La Journée internationale de la femme fut soulignée dans un nombre grandissant de pays dans les années qui suivirent. À ce moment-là, les femmes luttaient pour le droit de vote, dans le contexte général de la lutte pour le suffrage universel. Elles intégraient les lieux de travail en nombres grandissants et menaient des luttes acharnées contre leurs conditions brutales d'exploitation.

Dans la période précédant la déclaration de la Première Guerre mondiale, la Journée internationale de la femme fut célébrée en opposition à la guerre impérialiste. Elle a aussi renforcé la solidarité entre les femmes travailleuses de différents pays en opposition à l'hystérie chauviniste nationale des cercles dominants. Par exemple, en Europe, à l'occasion de la Journée internationale de la femme, des oratrices d'un pays se rendaient dans un autre pays pour faire leurs salutations. Les femmes russes ont souligné leur première Journée internationale de la femme en 1913 dans des conditions de brutalité et de réaction tsaristes.

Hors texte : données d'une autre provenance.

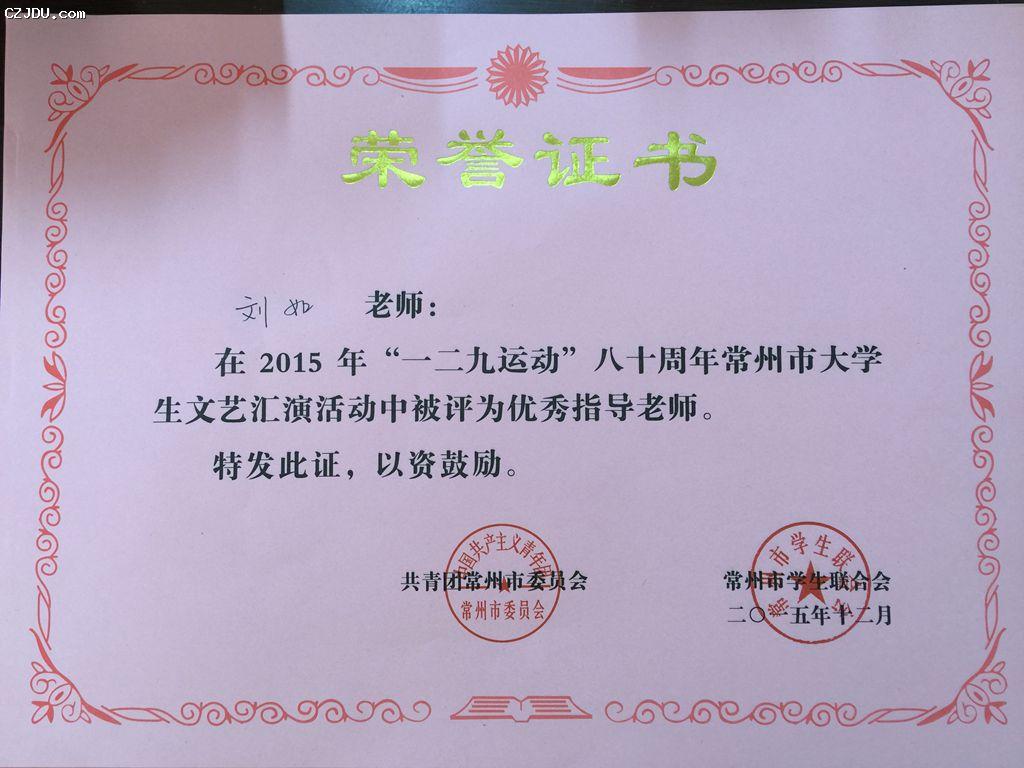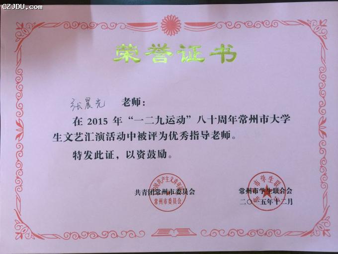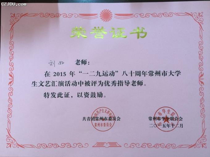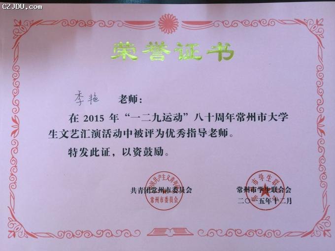 另外,在剛剛結(jié)束“弘愛國情懷,揚(yáng)青春夢想”紀(jì)念一二·運動八十周年常州市大學(xué)生文藝匯演中,我院的民族舞蹈“彩云之南”被評選為常州市大學(xué)生文藝匯演優(yōu)秀節(jié)目,我院五名老師被評為優(yōu)秀指導(dǎo)老師,他們分別為:學(xué)工處處長劉如、學(xué)工處副處長季艷、團(tuán)委書記過林燕、經(jīng)管系團(tuán)總支書記郭燕、藝術(shù)系團(tuán)總支書記張晨光。
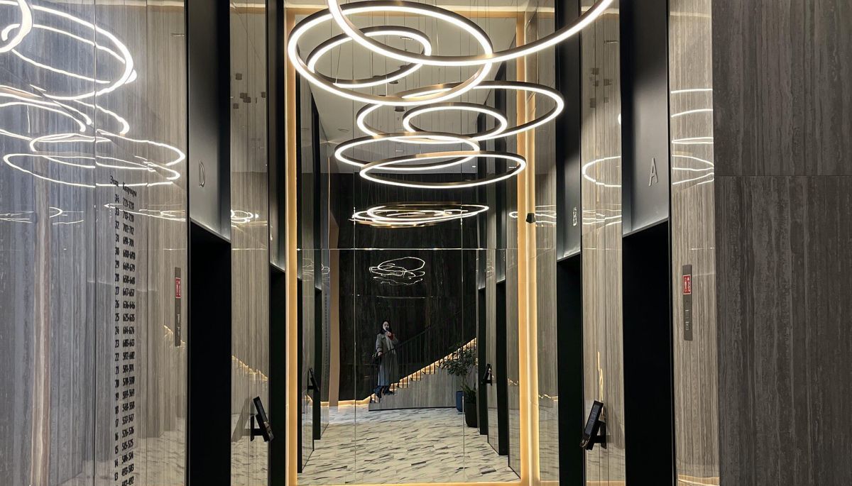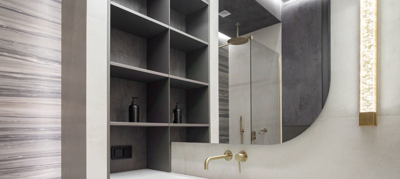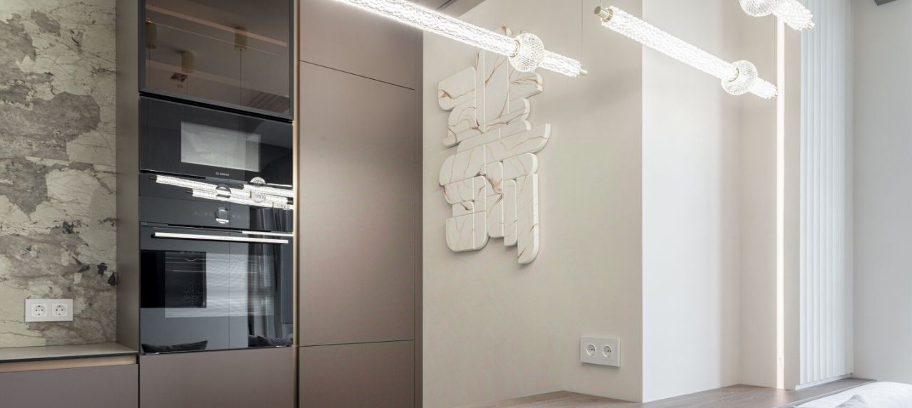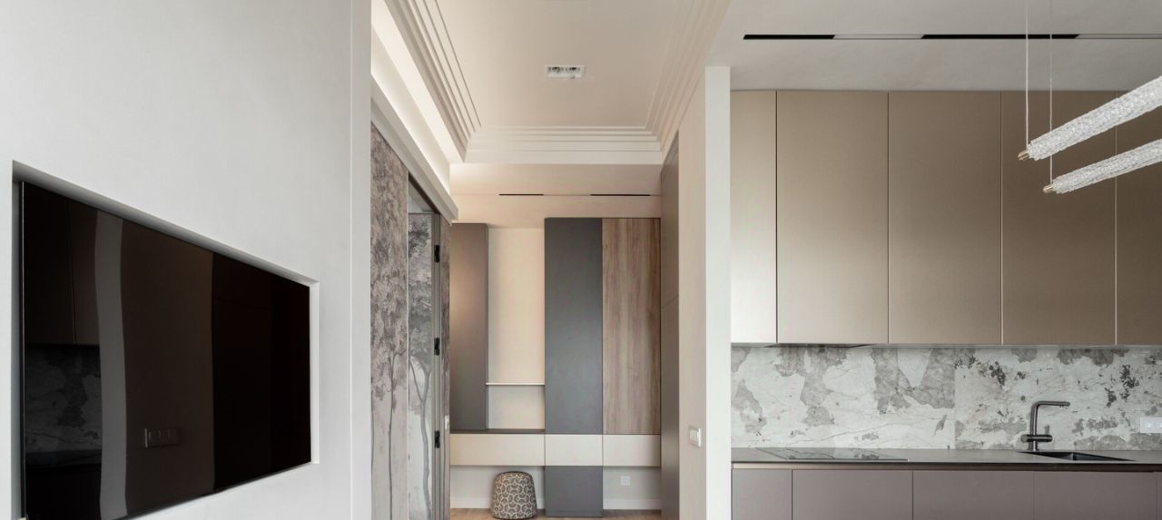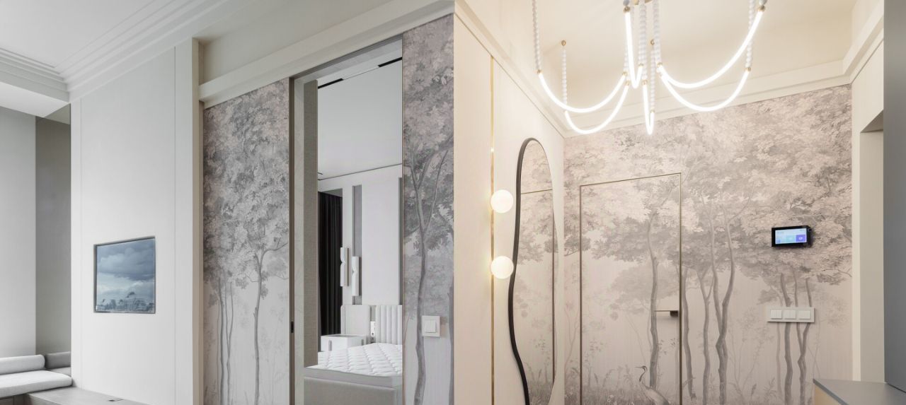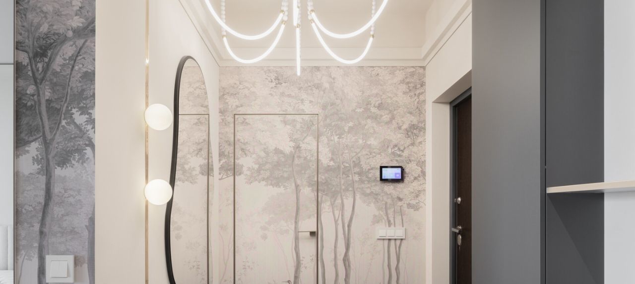 Уже при входе в квартиру вы попадаете в эффектную и стильную прихожую с необычной люстрой и дизайнерским зеркалом в полный рост. В холле имеется большой встроенный шкаф во всю стену. Бонусом в квартире оборудована гардеробная комната!
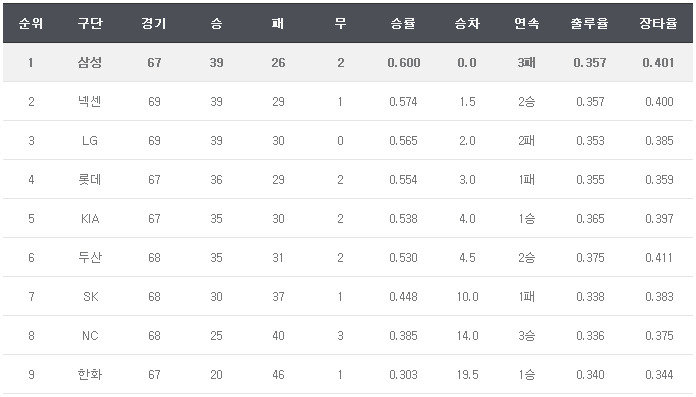 8연패 할때만해도 탑성을 위협할 팀은 엘지뿐이라 생각했는데 넥센이 다시 치고 올라오는군요. 겁나네요.
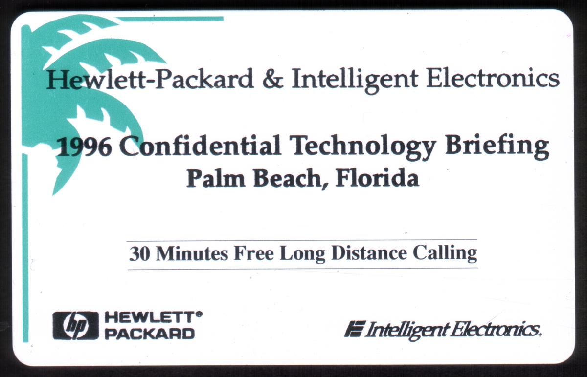 The context of this card is focused on technology and corporate business matters, particularly a 1996 technology briefing in Palm Beach, Florida, which ties together Hewlett-Packard and Intelligent Electronics. The card is a collectible piece connected to these organizations and that specific event, representing a slice of corporate technology history from that period.
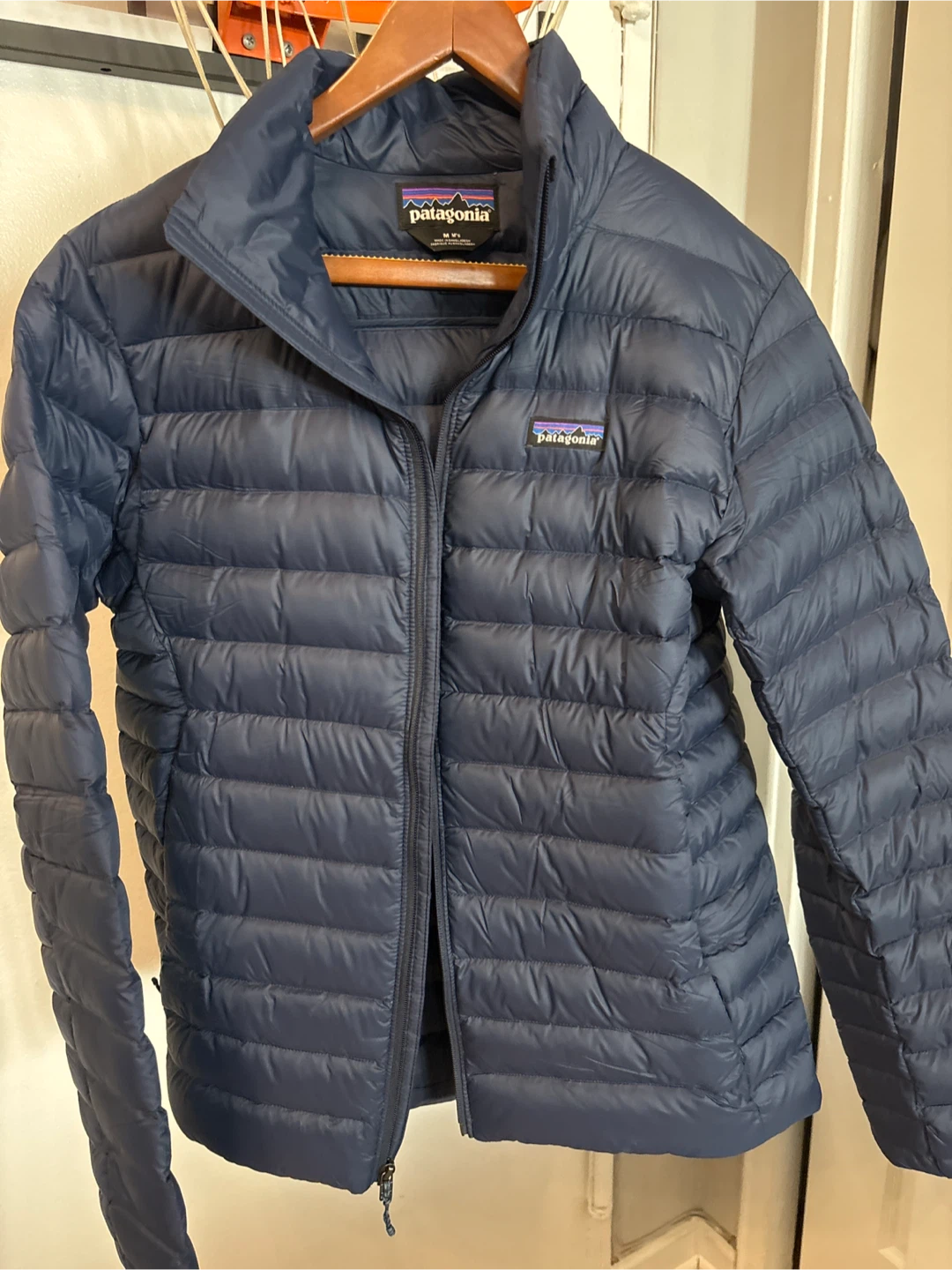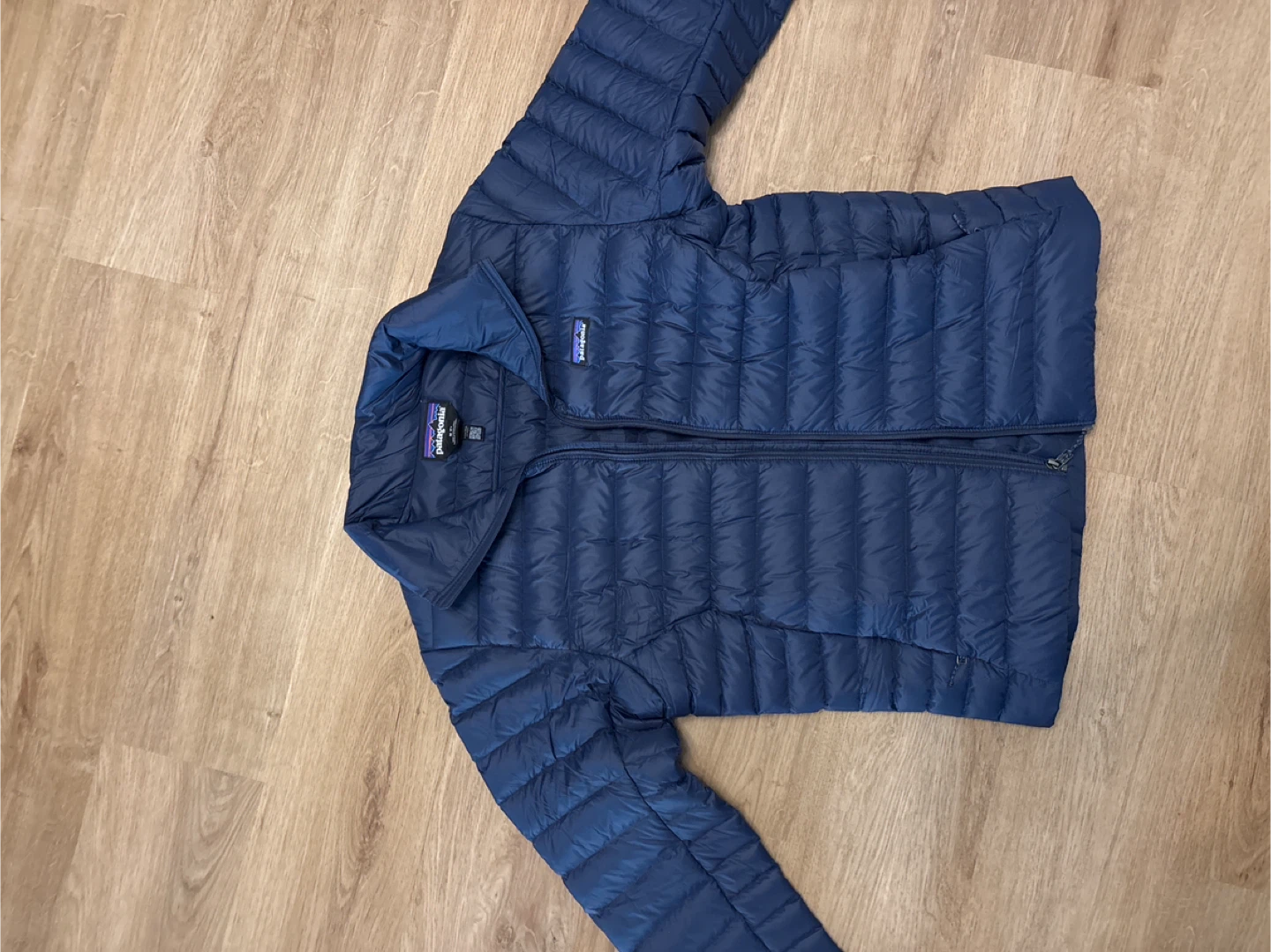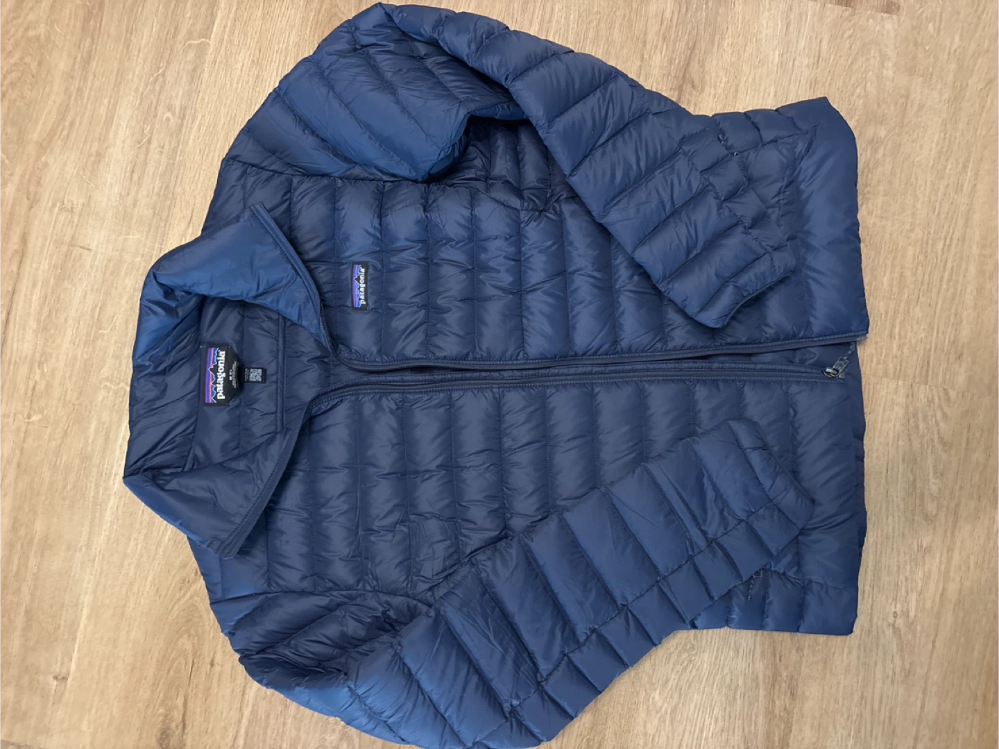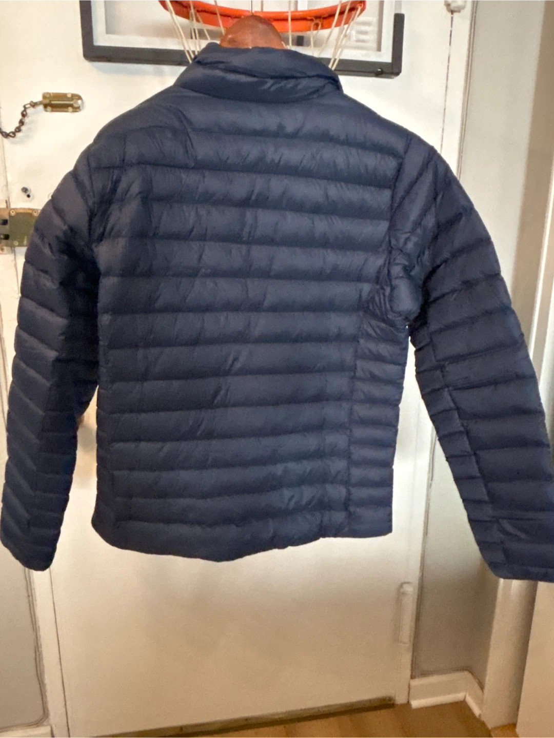 Patagonia navy blue sweater jacket. Lightweight and warm, it's perfect for layering. Features a full zip front and two hand pockets. This jacket is designed for outdoor activities. Bought an extra one, but it was non-returnable and now I don’t need it.
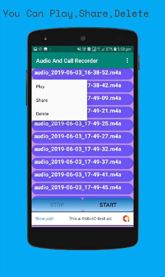 *have delete function, share function (via email, sms, mms, facebook, whatsapp, dropbox, etc.), view detail information
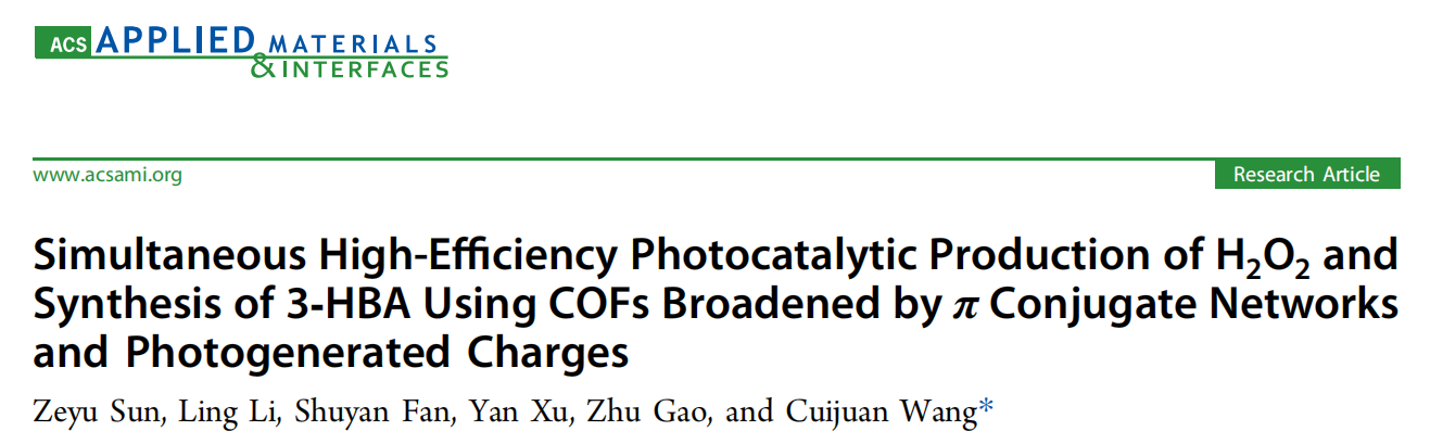 该论文以“Simultaneous High-Efficiency Photocatalytic Production of H₂O₂ and Synthesis of 3-HBA Using COFs broadened by π conjugate network and Photo-Generated Charges”为题发表在材料类国际顶级期刊《ACS Applied Materials & Interfaces》(影响因子:8.3)。其中,澳门六合彩开奖查询网站
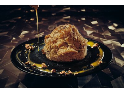 商品詳細:コーヒーシロップをたっぷり浸したビスキュイの上に、濃厚なマスカルポーネクリームやジャンドゥーヤジェラートを重ね、仕上げにフワフワ食感のエスプレッソのかき氷をトッピング。ティラミスをそのまま冷たいかき氷としてお楽しみいただます。また、かき氷のまわりにはキャラメリゼしたヘーゼルナッツや、トロピカルなマンゴーオレンジソースに世界の文化人を魅了したさわやかなハーブ酒「アブサン」を加え、甘味だけではなく深みを味わえるプレミアムな大人のかき氷に仕上げました。
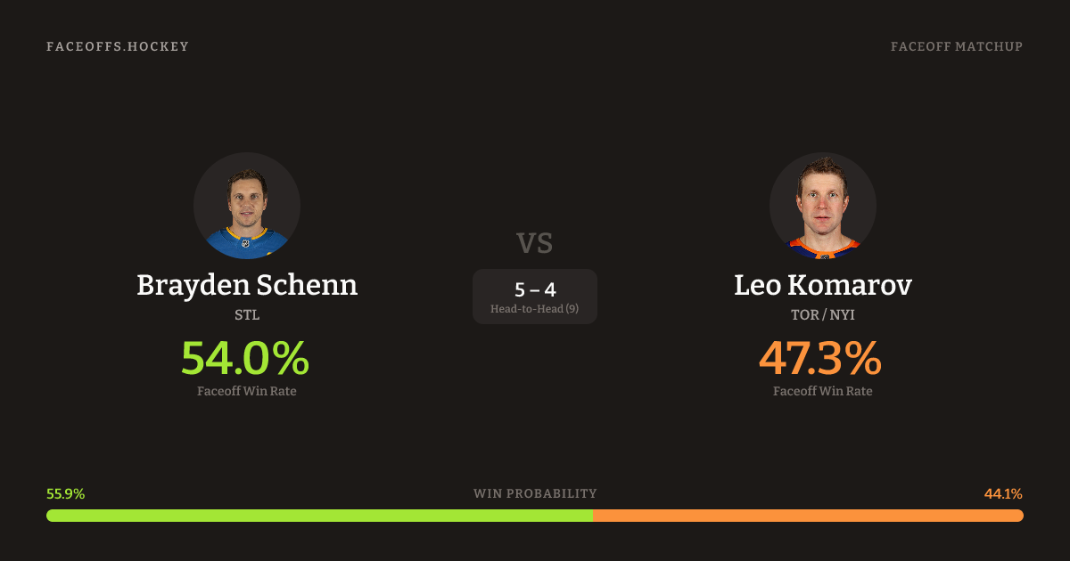 Brayden Schenn vs Leo Komarov — Faceoff Head-to-Head
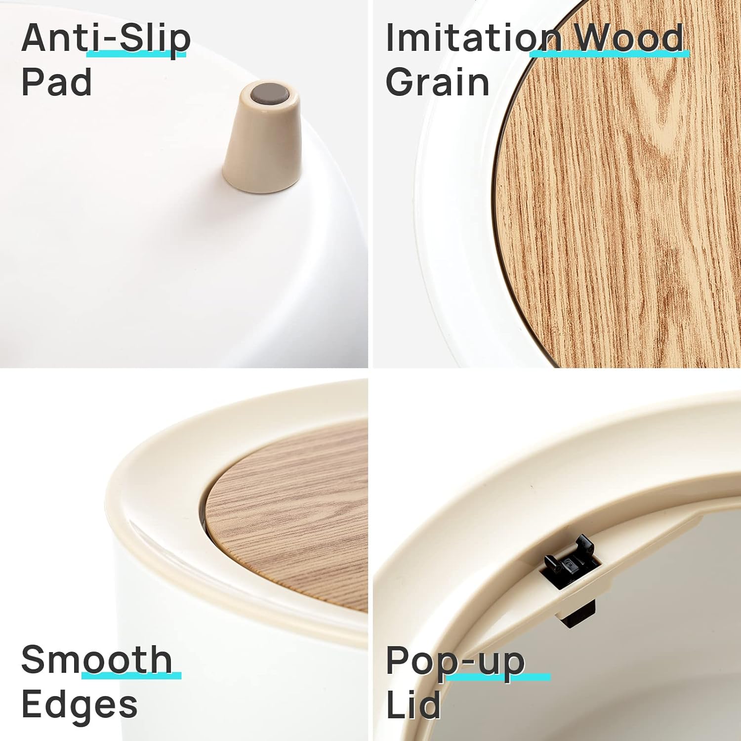 【Press Type Lid】Just press to open the lid. The design of the lid effectively reduces the odor. At the same time, keep the desktop clean and become a beautiful decoration on the desktop.

En Russie en 1917, la Journée internationale de la femme fut une période de lutte intense contre le régime tsariste. Les travailleurs, dont les femmes travaillant dans les industries métallurgiques et du textile, étaient en grève dans la capitale et il y avait une opposition grandissante à la participation de la Russie à la guerre impérialiste qui faisait rage en Europe. Le 8 mars (le 23 février du calendrier julien), les femmes par milliers envahirent les rues de Saint-Petersbourg dans une grève pour le pain et la paix. Les femmes travailleuses des usines, épaulées par les femmes de soldats et d'autres, exigèrent : « Du pain pour nos enfants » et « Le retour de nos époux des tranchées ». Cette journée marqua le début de la Révolution de février, qui a mené à l'abdication du tzar et à la mise en place d'un gouvernement provisoire.

Le gouvernement provisoire rendit le droit de vote universel et reconnut les droits égaux des femmes. Après la Révolution d'Octobre de 1917, le gouvernement bolchevique adopta des lois plus détaillées garantissant aux femmes dans les endroits de travail le droit de directement participer aux activités sociales et politiques, éliminant les obstacles bureaucratiques et concrets qui leur imposaient la subordination de leurs activités sociales et politiques et la soumission aux hommes.

Le 8 mars est officiellement devenu la Journée internationale de la femme en 1921, lorsque les femmes bulgares, participant au Secrétariat international des femmes de l'Internationale communiste, présentèrent une résolution à l'effet que le 8 mars soit célébré uniformément partout dans le monde. Le choix du 8 mars était pour honorer le rôle joué par les femmes russes dans la révolution dans leur pays et, par leurs actions, leur contribution aux femmes luttant pour leur émancipation à l'échelle internationale.